Does anyone know if there is an R package out there with an algorithm which finds the maximum-area rectangle that can fit within a non-convex polygon? I have Googled, searched the R Sig Geo archives, and created a post on the GIS Stackexchange to no avail. Here is an example of the type of output I am looking for: http://d3plus.org/assets/posts/largestRect/img/solution.png As you can probably infer from the image, the algorithm searches for the rectangle with the largest area that will fit within the boundary of the non-convex polygon. My project will be applying this analysis to a set of parcels (aka plots, plats, or cadastres) in order to estimate the footprint of a largest rectangular building that could be built on each parcel. The image linked above comes from the following post which showcases the type of algorithm that would be useful for my project: http://d3plus.org/blog/behind-the-scenes/2014/07/08/largest-rect/ Is there an existing R package that I could use to conduct such an analysis of several non-convex polygon? Or perhaps a set of functions from a combination of packages? Thank you in advance, Tiernan PS ? here's a link to my (very similarly worded) SO post: http://gis.stackexchange.com/questions/186881/is-there-an-r-package-for-finding-the-largest-rectangle-in-a-non-convex-polygon
Drawing the maximum-area rectangle in a non-convex polygon
5 messages · Tiernan Martin, Barry Rowlingson
Could you simply use the Javascript code in that web page via one of the R-Javascript interface packages?
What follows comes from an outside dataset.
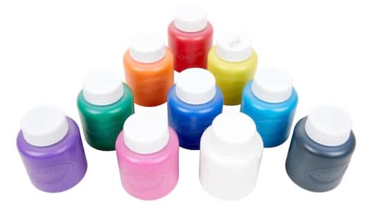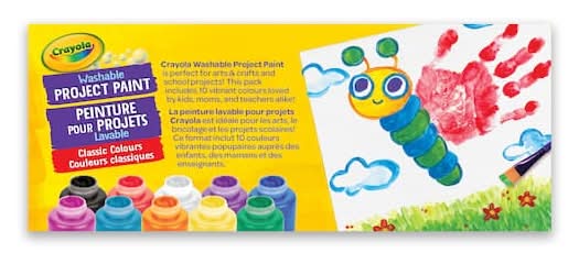 Buy this Crayola Washable Project Paint Set, 10ct. at Michaels. These paints are easy to apply with brushes, sponges, stamps, stencils and other tools, and they can be used on almost any surface. Includes assorted colors. 2 fl. oz. (59 mL) jar size . 10 jars . Washes from skin and most washable clothing . Multi surface use . Safe and nontoxic . Crayola Washable Project Paint Set, 10ct. Color: Multicolor

On Tue, Apr 12, 2016 at 8:42 PM, Tiernan Martin <tiernanmartin at gmail.com> wrote:
Does anyone know if there is an R package out there with an algorithm which finds the maximum-area rectangle that can fit within a non-convex polygon? I have Googled, searched the R Sig Geo archives, and created a post on the GIS Stackexchange to no avail. Here is an example of the type of output I am looking for: http://d3plus.org/assets/posts/largestRect/img/solution.png As you can probably infer from the image, the algorithm searches for the rectangle with the largest area that will fit within the boundary of the non-convex polygon. My project will be applying this analysis to a set of parcels (aka plots, plats, or cadastres) in order to estimate the footprint of a largest rectangular building that could be built on each parcel. The image linked above comes from the following post which showcases the type of algorithm that would be useful for my project: http://d3plus.org/blog/behind-the-scenes/2014/07/08/largest-rect/ Is there an existing R package that I could use to conduct such an analysis of several non-convex polygon? Or perhaps a set of functions from a combination of packages? Thank you in advance, Tiernan PS ? here's a link to my (very similarly worded) SO post: http://gis.stackexchange.com/questions/186881/is-there-an-r-package-for-finding-the-largest-rectangle-in-a-non-convex-polygon [[alternative HTML version deleted]]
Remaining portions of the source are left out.